DATA RECORDS:
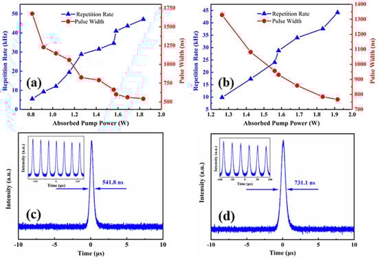 As shown in Figure 11a,b, because the absorption pump power increased, the repetition frequency and the pulse width curves flattened. For the 1% and 3% output couplers, the shortest pulse widths were 541.8 ns and 731.1 ns, and the maximal repetition frequencies were 46.1 kHz and 38.8 kHz, respectively. The single pulses with minimum pulse widths, mentioned earlier, are shown in Figure 11c,d, and the relevant pulse trains are shown in the insets. The pulse energy can be calculated from the values of the output power and the repetition frequency. If combined with the pulse width, the peak power can also be obtained. When using the 1% output coupler, the maximal peak power was 9.8 W and the maximal pulse energy was determined to be 5.3 μJ. The maximal peak power was 10.2 W, and the maximal pulse energy was 7.3 μJ as using the 3% transmittance output coupler.
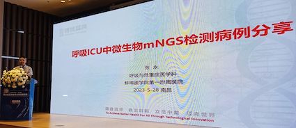 蚌埠醫(yī)學院第一附屬醫(yī)院主任醫(yī)師張永教授作了題為《呼吸ICU中微生物mNGS檢測病例分享》的主題報告。張永教授通過兩例ICU臨床病例深入淺出的向聽眾展示了mNGS檢測在疑難危重病診斷中的巨大價值。兩位病例均是因不明病原感染,出現(xiàn)高熱、呼吸困難及肺彌漫性感染等嚴重臨床癥狀轉(zhuǎn)入ICU科。通過培養(yǎng)和免疫等常規(guī)診斷方法均未能明確病因,只能給予經(jīng)驗性治療。改用mNGS檢測后,分別檢測出臨床罕見的致病菌腎臟鉤端螺旋體和惠普爾養(yǎng)障體,結(jié)合患者接觸史或臨床表現(xiàn),確診致病菌。針對致病菌種,對癥用藥,兩位患者得已快速治愈。
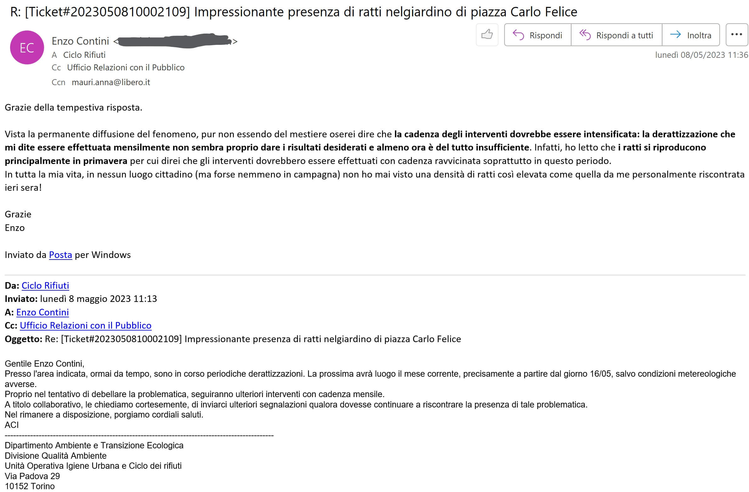Nel giro di meno di un’ora ho ricevuto una risposta anche dalla Unità Operativa Igiene Urbana e Ciclo dei rifiuti: “Presso l’area indicata, ormai da tempo, sono in corso periodiche derattizzazioni. La prossima avrà luogo il mese corrente, precisamente a partire dal giorno 16/05, salvo condizioni metereologiche avverse. Proprio nel tentativo di debellare la problematica, seguiranno ulteriori interventi con cadenza mensile. A titolo collaborativo, le chiediamo cortesemente, di inviarci ulteriori segnalazioni qualora dovesse continuare a riscontrare la presenza di tale problematica.
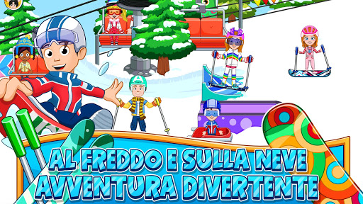 È arrivato l'inverno a La Mia Città e Resort Sciistico è aperto a tutti. La Mia Città: Resort Sciistico riguarda interamente l'inverno. Crea la tua avventura invernale personale. Qui puoi sciare sulle piste, scoprire nuove località, vestirti all'ultima moda e, quando la giornata è finita, puoi persino dormire in un igloo. Porta i tuoi personaggi preferiti della Mia Città e gioca con qualsiasi storia che ti piace!
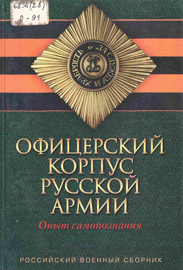 - Офицерский корпус русской армии : опыт самопознания / сост.: А. И. Каменев, И. В. Домнин, Ю. Т. Белов [и др.] ; под общ. ред. И. И. Ефремова ; Военный ун-т. - Москва : Русский путь, 2000. - 638 с. - (Российский военный сборник ; вып. 17). Шифр: 68.4(28) О 91.
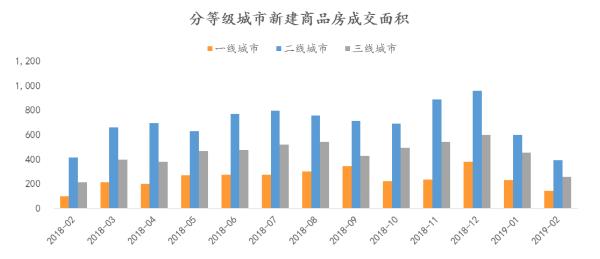 受春節假期影響,2019年2月30個重點城市商品房成交面積環比下跌38.5%,但同比2018年2月上漲8.3%。分城市等級來看,各等級城市銷售面積環比均有不同程度下降。其中,三線城市跌幅最大,成交量環比下跌43.5%。從同比變化看,一線城市成交量同比上漲44.6%,二線城市同比下跌6.1%,三線城市同比上漲19.5%。經過了嚴厲調控的2018年,部分城市的購房需求開始釋放。
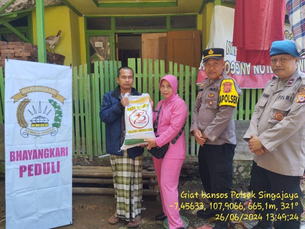 Turut hadir dalam kegiatan tersebut antara lain adalah Kapolsek Singajaya, Kanit Binmas, Babhinkamtibmas, Bhayangkari Ranting Singajaya serta partisipasi aktif dari warga masyarakat setempat. Kehadiran mereka memperkuat semangat kebersamaan dalam memberikan bantuan kepada sesama yang membutuhkan.
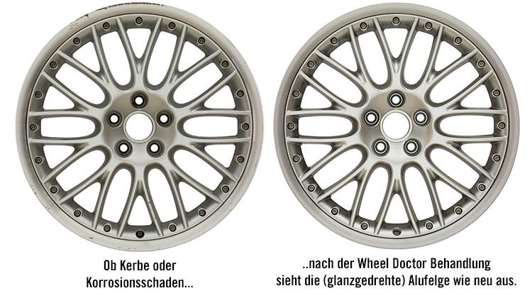 Dazu wird die Felge auf die Wheel Doctor Maschine gespannt und mit einer Diamantschleifmaschine hochpräzise abgeschliffen. Durch Überlackieren mit speziellen Aluminiumlacken wir die Felgenoberfläche wieder in einen makellosen Zustand gebracht. Die preiswerte Alufelgen-Aufbereitung mit dem Wheel Doctor erspart den kostenintensiven Austausch von abgeschürften Alufelgen.
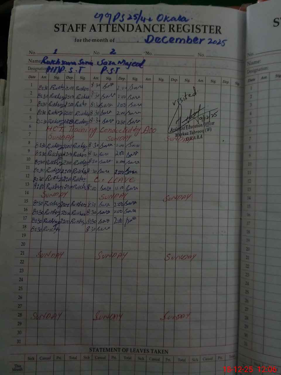 | District: OKARA | Tehsil: OKARA | Markaz: TABROOQ - FEMALE | Level: Primary | |
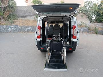 Peugeot Expert con pianale ribassato adibito al trasporto disabili. Anno 02.2015, motore diesel euro 5, cilindrata 2.00 72 kw, cambio manuale 6 marce, lunghezza 5.1 m, 113.000 km, 21.900€
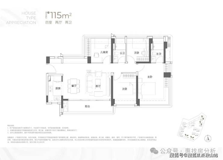 115㎡的4房2厅2卫:横厅南北通透格局,客餐厅6米开间,LDKB一体化,全屋飘窗,4个卧室分别做到了3.9米/3米/2.8米/2.6米的宽度,主卧加1个次卧270°全景飘窗,客厅出6米长的大阳台,L型厨房,得房率约95-97%(包含赠送),西南或东南朝向。115平米户型分布在1栋1单元、1栋2单元、1栋3单元01/02户型,01户型西南朝向都是看小区外围,02户型看向小区;
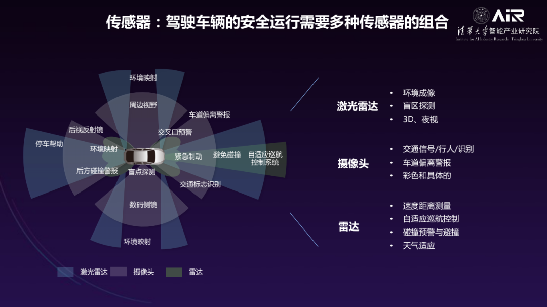 激光雷达可以直接采集距离信息,实现三维环境匹配及盲点探测;摄像头可以实现物体的快速辨认和车道识别,所采集的信息包含色彩和更多细节;雷达可以进行速度和距离的测量,发出碰撞预警并进行紧急制动。所有传感器联合起来构成对车辆所处环境全方位的立体扫描。
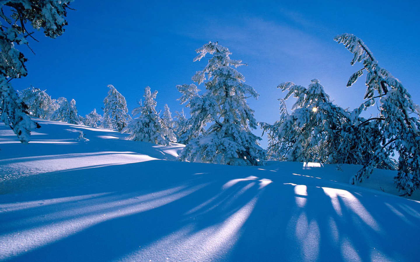Description: A snow covered hill with trees and a blue sky in the background with a few clouds in the sky.
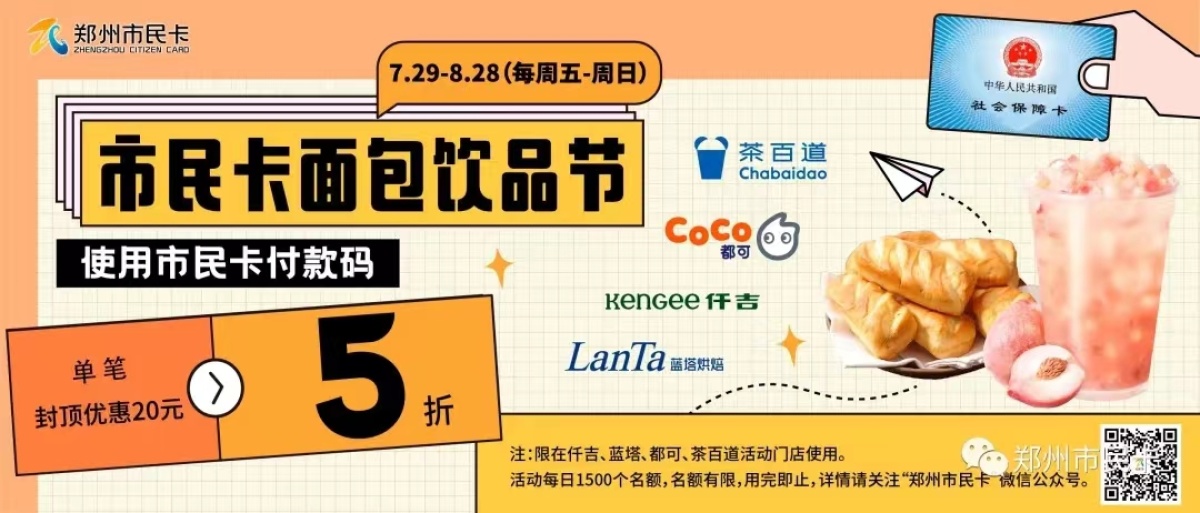活动期间,郑州用户可关注“郑州人社·社保卡”微信公众号,或“郑州市民卡”微信公众号开通“市民卡付款码”,使用市民卡付款码在仟吉、蓝塔、都可、茶百道等四个品牌的200余家郑州门店消费,可享受“5折优惠”,单笔封顶优惠为20元,活动期内同一用户能够享受2次优惠,每个活动日1500个优惠名额,当日活动剩余名额可通过云闪付APP搜索“市民卡面包饮品节”查看。
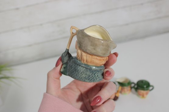 Each mug depicts a different gentleman, ranging from scholarly and whimsical to rugged and rustic. The hand-painted finish highlights fine details such as rosy cheeks, furrowed brows, and textured hats, making this set an eye-catching display for a shelf, bar, or curio cabinet.
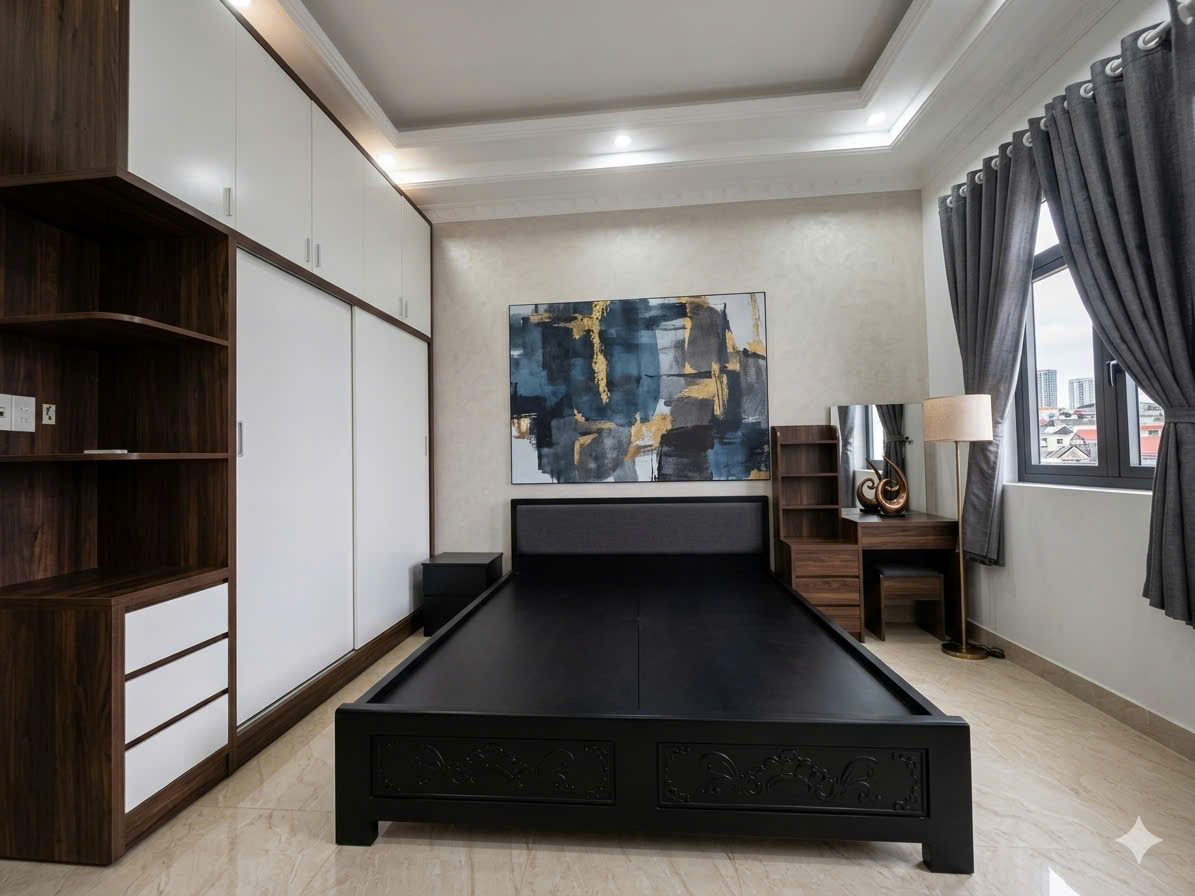 - Có 1 phòng thờ, 4 phòng ngủ, có nhiều cửa sổ thoáng sáng, có ban công trước để ngồi đọc sách, tập thế dục, hít thở không khí trong lành.
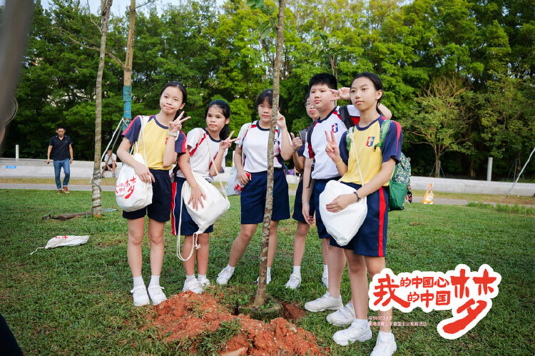 植树现场,粤港澳青少年与志愿者们手持铁锹、水桶等工具,或两人一组,或三人一队,有的挖坑、有的扶苗、有的培土、有的浇水,各个环节衔接紧密,配合默契。“大家通过植树活动,增进了彼此之间的交流与合作,培养了团结协作的精神,更多地了解自然、尊重自然、保护自然,从而传承和弘扬生态文明的理念和精神。”香港纯阳小学刘芯蕊同学介绍说。
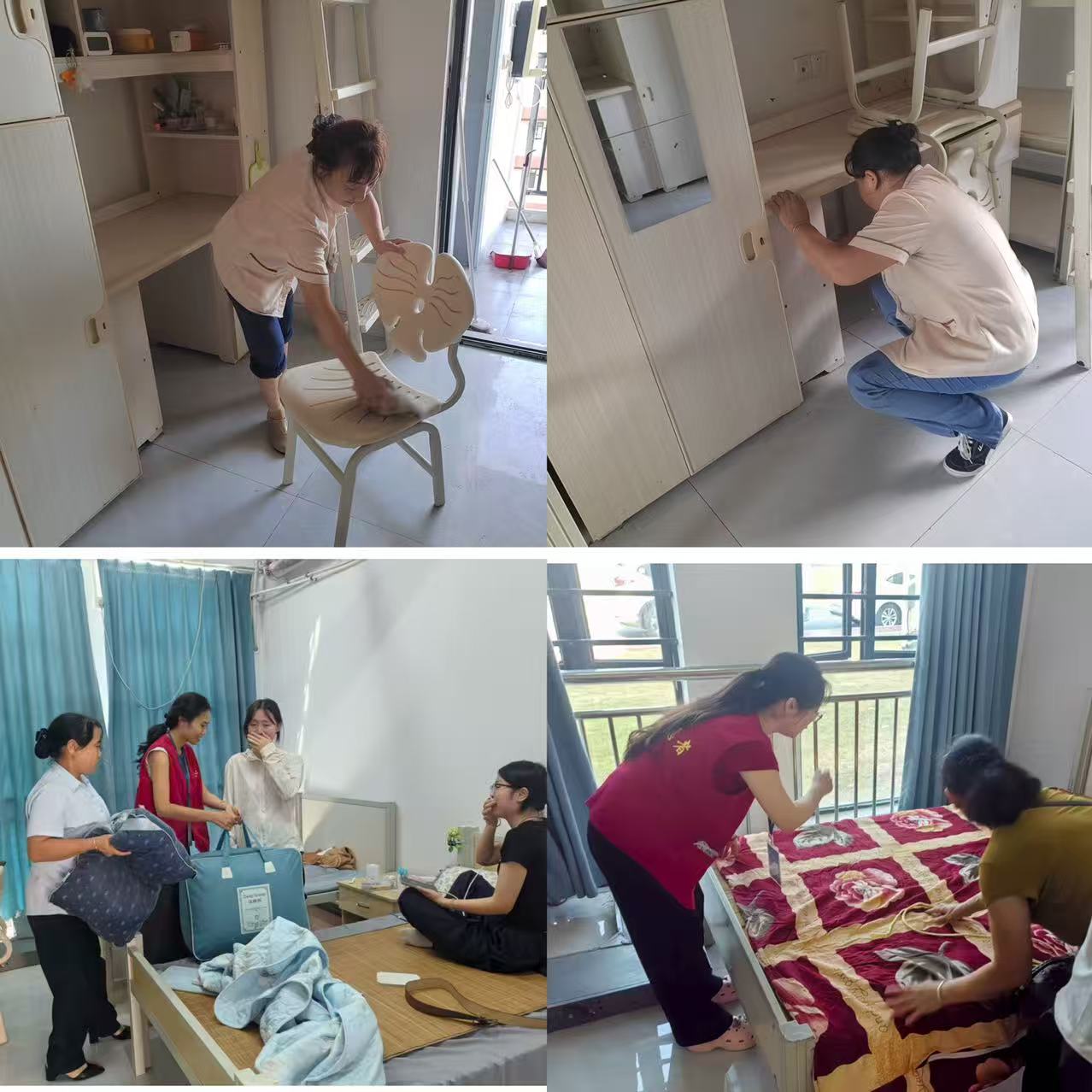 在宿舍安排上,提前启动“暖心安居”工程,对分布在12栋的1426间新生宿舍进行全面清洁打扫与设施检修。为确保新生顺利入住,支部联合后勤部门对空调、电梯、直饮水、冷热水等系统进行全面排查与维护,提供应急维修服务热线,真正做到“硬件到位、服务在线”。

WHAT TO PRODUCE: Omit the pictures, then copy out all the data exactly as it stands.

WORKED SOLUTION:
 As shown in Figure 11a,b, because the absorption pump power increased, the repetition frequency and the pulse width curves flattened. For the 1% and 3% output couplers, the shortest pulse widths were 541.8 ns and 731.1 ns, and the maximal repetition frequencies were 46.1 kHz and 38.8 kHz, respectively. The single pulses with minimum pulse widths, mentioned earlier, are shown in Figure 11c,d, and the relevant pulse trains are shown in the insets. The pulse energy can be calculated from the values of the output power and the repetition frequency. If combined with the pulse width, the peak power can also be obtained. When using the 1% output coupler, the maximal peak power was 9.8 W and the maximal pulse energy was determined to be 5.3 μJ. The maximal peak power was 10.2 W, and the maximal pulse energy was 7.3 μJ as using the 3% transmittance output coupler.
 蚌埠醫(yī)學院第一附屬醫(yī)院主任醫(yī)師張永教授作了題為《呼吸ICU中微生物mNGS檢測病例分享》的主題報告。張永教授通過兩例ICU臨床病例深入淺出的向聽眾展示了mNGS檢測在疑難危重病診斷中的巨大價值。兩位病例均是因不明病原感染,出現(xiàn)高熱、呼吸困難及肺彌漫性感染等嚴重臨床癥狀轉(zhuǎn)入ICU科。通過培養(yǎng)和免疫等常規(guī)診斷方法均未能明確病因,只能給予經(jīng)驗性治療。改用mNGS檢測后,分別檢測出臨床罕見的致病菌腎臟鉤端螺旋體和惠普爾養(yǎng)障體,結(jié)合患者接觸史或臨床表現(xiàn),確診致病菌。針對致病菌種,對癥用藥,兩位患者得已快速治愈。
Nel giro di meno di un’ora ho ricevuto una risposta anche dalla Unità Operativa Igiene Urbana e Ciclo dei rifiuti: “Presso l’area indicata, ormai da tempo, sono in corso periodiche derattizzazioni. La prossima avrà luogo il mese corrente, precisamente a partire dal giorno 16/05, salvo condizioni metereologiche avverse. Proprio nel tentativo di debellare la problematica, seguiranno ulteriori interventi con cadenza mensile. A titolo collaborativo, le chiediamo cortesemente, di inviarci ulteriori segnalazioni qualora dovesse continuare a riscontrare la presenza di tale problematica.
 È arrivato l'inverno a La Mia Città e Resort Sciistico è aperto a tutti. La Mia Città: Resort Sciistico riguarda interamente l'inverno. Crea la tua avventura invernale personale. Qui puoi sciare sulle piste, scoprire nuove località, vestirti all'ultima moda e, quando la giornata è finita, puoi persino dormire in un igloo. Porta i tuoi personaggi preferiti della Mia Città e gioca con qualsiasi storia che ti piace!
 - Офицерский корпус русской армии : опыт самопознания / сост.: А. И. Каменев, И. В. Домнин, Ю. Т. Белов [и др.] ; под общ. ред. И. И. Ефремова ; Военный ун-т. - Москва : Русский путь, 2000. - 638 с. - (Российский военный сборник ; вып. 17). Шифр: 68.4(28) О 91.
 受春節假期影響,2019年2月30個重點城市商品房成交面積環比下跌38.5%,但同比2018年2月上漲8.3%。分城市等級來看,各等級城市銷售面積環比均有不同程度下降。其中,三線城市跌幅最大,成交量環比下跌43.5%。從同比變化看,一線城市成交量同比上漲44.6%,二線城市同比下跌6.1%,三線城市同比上漲19.5%。經過了嚴厲調控的2018年,部分城市的購房需求開始釋放。
 Turut hadir dalam kegiatan tersebut antara lain adalah Kapolsek Singajaya, Kanit Binmas, Babhinkamtibmas, Bhayangkari Ranting Singajaya serta partisipasi aktif dari warga masyarakat setempat. Kehadiran mereka memperkuat semangat kebersamaan dalam memberikan bantuan kepada sesama yang membutuhkan.
 Dazu wird die Felge auf die Wheel Doctor Maschine gespannt und mit einer Diamantschleifmaschine hochpräzise abgeschliffen. Durch Überlackieren mit speziellen Aluminiumlacken wir die Felgenoberfläche wieder in einen makellosen Zustand gebracht. Die preiswerte Alufelgen-Aufbereitung mit dem Wheel Doctor erspart den kostenintensiven Austausch von abgeschürften Alufelgen.
 | District: OKARA | Tehsil: OKARA | Markaz: TABROOQ - FEMALE | Level: Primary | |
 Peugeot Expert con pianale ribassato adibito al trasporto disabili. Anno 02.2015, motore diesel euro 5, cilindrata 2.00 72 kw, cambio manuale 6 marce, lunghezza 5.1 m, 113.000 km, 21.900€
 115㎡的4房2厅2卫:横厅南北通透格局,客餐厅6米开间,LDKB一体化,全屋飘窗,4个卧室分别做到了3.9米/3米/2.8米/2.6米的宽度,主卧加1个次卧270°全景飘窗,客厅出6米长的大阳台,L型厨房,得房率约95-97%(包含赠送),西南或东南朝向。115平米户型分布在1栋1单元、1栋2单元、1栋3单元01/02户型,01户型西南朝向都是看小区外围,02户型看向小区;
 激光雷达可以直接采集距离信息,实现三维环境匹配及盲点探测;摄像头可以实现物体的快速辨认和车道识别,所采集的信息包含色彩和更多细节;雷达可以进行速度和距离的测量,发出碰撞预警并进行紧急制动。所有传感器联合起来构成对车辆所处环境全方位的立体扫描。
Description: A snow covered hill with trees and a blue sky in the background with a few clouds in the sky.
活动期间,郑州用户可关注“郑州人社·社保卡”微信公众号,或“郑州市民卡”微信公众号开通“市民卡付款码”,使用市民卡付款码在仟吉、蓝塔、都可、茶百道等四个品牌的200余家郑州门店消费,可享受“5折优惠”,单笔封顶优惠为20元,活动期内同一用户能够享受2次优惠,每个活动日1500个优惠名额,当日活动剩余名额可通过云闪付APP搜索“市民卡面包饮品节”查看。
 Each mug depicts a different gentleman, ranging from scholarly and whimsical to rugged and rustic. The hand-painted finish highlights fine details such as rosy cheeks, furrowed brows, and textured hats, making this set an eye-catching display for a shelf, bar, or curio cabinet.
 - Có 1 phòng thờ, 4 phòng ngủ, có nhiều cửa sổ thoáng sáng, có ban công trước để ngồi đọc sách, tập thế dục, hít thở không khí trong lành.
 植树现场,粤港澳青少年与志愿者们手持铁锹、水桶等工具,或两人一组,或三人一队,有的挖坑、有的扶苗、有的培土、有的浇水,各个环节衔接紧密,配合默契。“大家通过植树活动,增进了彼此之间的交流与合作,培养了团结协作的精神,更多地了解自然、尊重自然、保护自然,从而传承和弘扬生态文明的理念和精神。”香港纯阳小学刘芯蕊同学介绍说。
 在宿舍安排上,提前启动“暖心安居”工程,对分布在12栋的1426间新生宿舍进行全面清洁打扫与设施检修。为确保新生顺利入住,支部联合后勤部门对空调、电梯、直饮水、冷热水等系统进行全面排查与维护,提供应急维修服务热线,真正做到“硬件到位、服务在线”。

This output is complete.